Obesity is one of the major risk factor for CVD, including PAD.21) Obesity is also associated with high mortality related to chronic disease.22) However, patients with CAD or PAD have an inverse correlation between BMI and cardiovascular mortality after adjustment for confounding variables in the Factores de Riesgo y ENfermedad Arterial registry.23) The obesity paradox24) is that obese patients receive better treatment and care, because they are perceived to be at high risk. However, our PAD obesity results cannot be explained by the obesity paradox, because PAD subjects had occlusion or >50% stenosis in the peripheral artery confirmed by lower extremity computed tomography angiography. This corresponds to an ankle-brachial index <0.9 and the consequent development of intermittent claudication, gangrene, and pain. This leads to physically and mentally instable condition, leading to weight loss. Our PAD subjects who visited tertiary medical services already had progressed PAD with a limited radius of action, immobilization, muscle atrophy, and depression requiring surgery or intervention. The factors outlined above may explain why the obesity results were inconsistent between PAD and CAD subjects in our analysis.

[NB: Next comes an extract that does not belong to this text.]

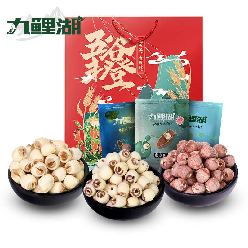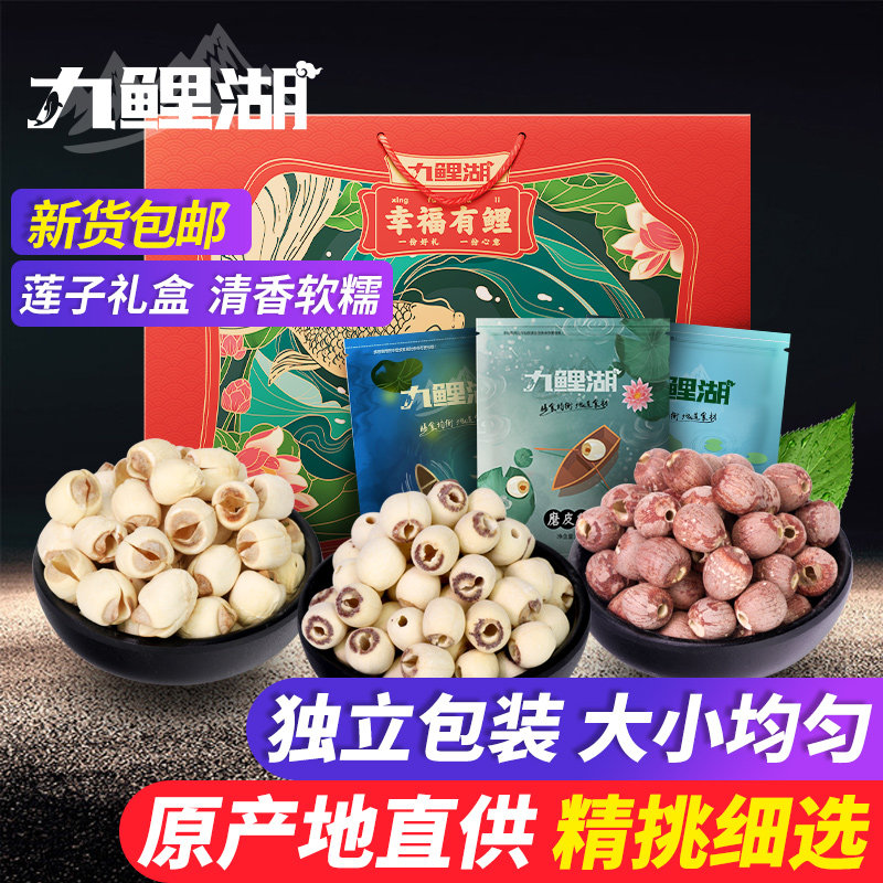 九鲤湖 莲子礼盒 1.5kg 过节送礼大礼包员工福利送礼通芯白莲红莲

The ORs for the risk factors for the absence or presence of coexisting CAD in PAD and CAD, with the exception of obesity, were similar among the groups. A study on the association of cardiovascular risk factors with patterns of lower limb atherosclerosis in 2659 patients who underwent angioplasty revealed that DM predicted PAD compared to no DM or current smoking status.25) An Italian study also showed that preexisting CAD with PAD was associated with risk factors for PAD.26) In our study, 33% of subjects with PAD had coexisting CAD. This result is consistent with previous studies that reported 21% of PAD subjects showed myocardial infarction and 26% of PAD subjects had angina.27) A comparison of the ORs for AI and FP according to the affected site in PAD and CAD revealed similar risks as those reported in a Turkish study (Ankara),28) and two U.S.A-based studies (San Diego29) and southern California30)).

This study had several limitations. First, the study was conducted retrospectively at a single center, which may have caused selection bias. We were also not able to eliminate the possibility of information bias when collecting medical records from the medical charts of the subjects and laboratory results. Second, the mean age of the subjects in the normal control group was younger than that of the subjects in the PAD and CAD groups. To minimize the effect of age, we conducted age-adjusted analysis. A further limitation of our study is that we could not consider symptoms of patients with PAD, physical activity, nutrition, socioeconomic position, waist circumference, or health behavior variables due to limited data. Further cardiovascular cohort studies considering these variables are therefore required to verify the risk factors for atherosclerosis.

Conclusions

We found significantly different ORs for risk factors, namely age, gender, HT, DM, hypercholesterolemia, HDL-C, obesity, smoking, CKD, and MetS, in the PAD and CAD groups compared to those in the Control group. Interestingly, the ORs for obesity were inconsistent between PAD and CAD subjects. In other words, obesity grade was showed opposite trends. However, in both diseases, cardiovascular risk factors were found to be risk factors. In conclusion, there appears to be no differences in risk factors for PAD and CAD in the Korean population.